I didn't really ever get around to solving this question, but we did find a workaround.
Based on a small, apparently throwaway, comment in the Server API documentation, we opted to create a second session. One session is responsible for static requests, the other for real-time. e.g.
_marketDataSession.OpenService("//blp/mktdata");
_staticSession.OpenService("//blp/refdata");
The means one session operates in subscription mode, the other more synchronously - I think it was this duality which was at the root of our problems.
Since making that change, we've not had any problems.
My reading of the docs agrees that you need separate sessions for the "//blp/mktdata" and "//blp/refdata" services.

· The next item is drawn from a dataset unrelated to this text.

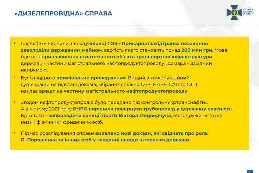 Затриманий Службою безпеки України Віктор Медведчук, якому висунуто підозру у державній зраді та сприянні тероризму, розповів про схему виведення з державної власності частини магістрального нафтопродуктопроводу «Самара – Західний напрямок» для подальшого прокачування через нього дизельного палива.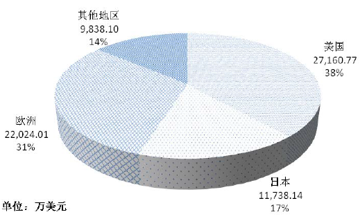 2013 年我國寵物食品對美出口出現較大幅度下降,2014 年下降幅度趨于緩和,同期對日本亦出現小幅下降,而對歐洲和其他地區的產品出口則自2010 年起保持持續增長態勢,導致我國寵物食品出口由集中于美國市場向多區域分化發展,2014 年我國寵物食品出口區域分布情況如下所示:

A client appeared to have a similar problem. I solved it by making hundreds of sessions rather than passing in hundreds of requests in one session. Bloomberg may not be to happy with this BFI (brute force and ignorance) approach as we are sending the field requests for each session but it works.
Nice to see another person on stackoverflow enjoying the pain of bloomberg API :-)
I'm ashamed to say I use the following pattern (I suspect copied from the example code). It seems to work reasonably robustly, but probably ignores some important messages. But I don't get your time-out problem. It's Java, but all the languages work basically the same.
cid = session.sendRequest(request, null);
while (true) {
Event event = session.nextEvent();
MessageIterator msgIter = event.messageIterator();
while (msgIter.hasNext()) {
Message msg = msgIter.next();
if (msg.correlationID() == cid) {
processMessage(msg, fieldStrings, result);
}
}
if (event.eventType() == Event.EventType.RESPONSE) {
break;
}
}
This may work because it consumes all messages off each event.
It sounds like you are making too many requests at once. BB will only process a certain number of requests per connection at any given time. Note that opening more and more connections will not help because there are limits per subscription as well. If you make a large number of time consuming requests simultaneously, some may timeout. Also, you should process the request completely(until you receive RESPONSE message), or cancel them. A partial request that is outstanding is wasting a slot. Since splitting into two sessions, seems to have helped you, it sounds like you are also making a lot of subscription requests at the same time. Are you using subscriptions as a way to take snapshots? That is subscribe to an instrument, get initial values, and de-subscribe. If so, you should try to find a different design. This is not the way the subscriptions are intended to be used. An outstanding subscription request also uses a request slot. That is why it is best to batch as many subscriptions as possible in a single subscription list instead of making many individual requests. Hope this helps with your use of the api.
By the way, I can't tell from your sample code, but while you are blocked on messages from the event queue, are you also reading from the main event queue while(in a seperate event queue)? You must process all the messages out of the queue, especially if you have outstanding subscriptions. Responses can queue up really fast. If you are not processing messages, the session may hit some queue limits which may be why you are getting timeouts. Also, if you don't read messages, you may be marked a slow consumer and not receive more data until you start consuming the pending messages. The api is async. Event queues are just a way to block on specific requests without having to process all messages from the main queue in a context where blocking is ok, and it would otherwise be be difficult to interrupt the logic flow to process parts asynchronously.